The journalist gunned down on June 14 was not a radical militant or a potential threat to anyone, and his pen had strength to demand and work towards a solution for Kashmiris, through peace and reconciliation. The balanced and rational stand of ShujaatBukhari, criticising both the military’s use of force resulting in death of civilians as well as the violence unleashed by Islamic terror forces, clearly opted the middle path, rejecting any black and white binaries.

The motive behind silencing of a voice like him remains crystal clear: Kashmir won’t be allowed to come out of this terrain of violence and disruption of daily life through any dialogue. And in case the proponents of peace start having an impact, the answer will be a hail of bullets. But it is precisely what Bukhari stood for, peace and reconciliation and an end to the bloodbath, that needs to be conserved, especially after his brutal death. Those responsible for his assassination must be defeated by the strength of Bukhari’s ideals and ideas.
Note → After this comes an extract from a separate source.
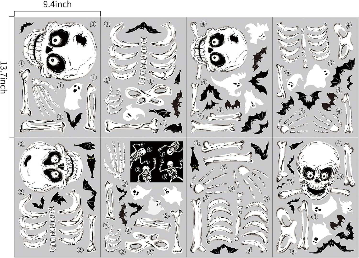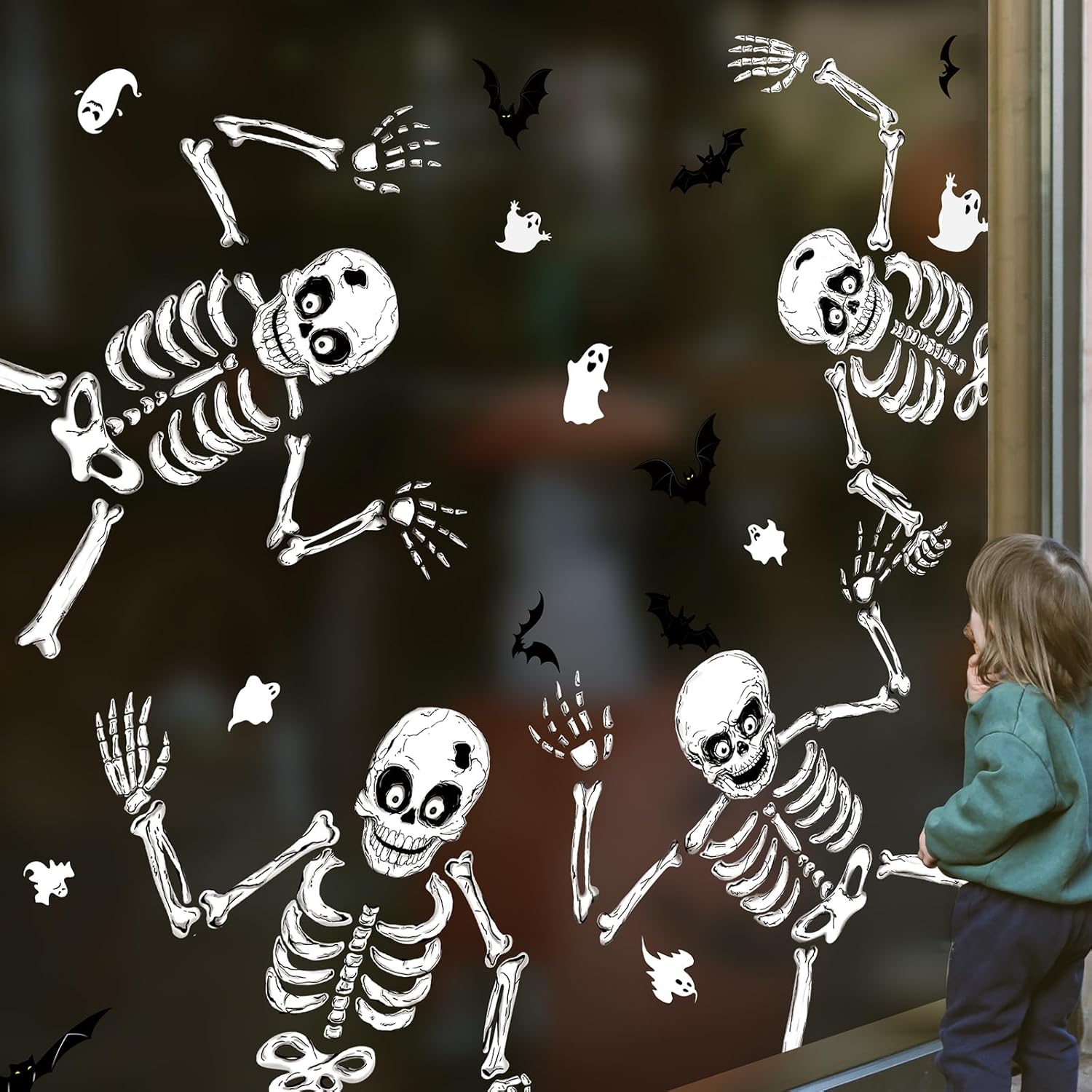 Halloween Window Skeleton Clings – 8 Sheets of Extra Large Cute and Scary Skeletons, Ghosts, and Bats for Home, School, Car Windows, Office, and Party Decor

The lofty vision of Shujaat Bukhari is the deserving answer to end the agony of Kashmir. Those who advocated dialogue in Kashmir have become the prime targets of not just the terror groups but also government agencies, for working tirelessly and documenting the complex reality of Kashmir, echoed in the United Nations High Commission for Human Rights report on Kashmir, released hours before his murder.

In words of Shujaat Bukhari: “We have done journalism with pride and will continue to highlight what happens on the ground.” It’s time the press fraternity and all those who share Bukhari’s compassionate view of a conundrum, heed his advice.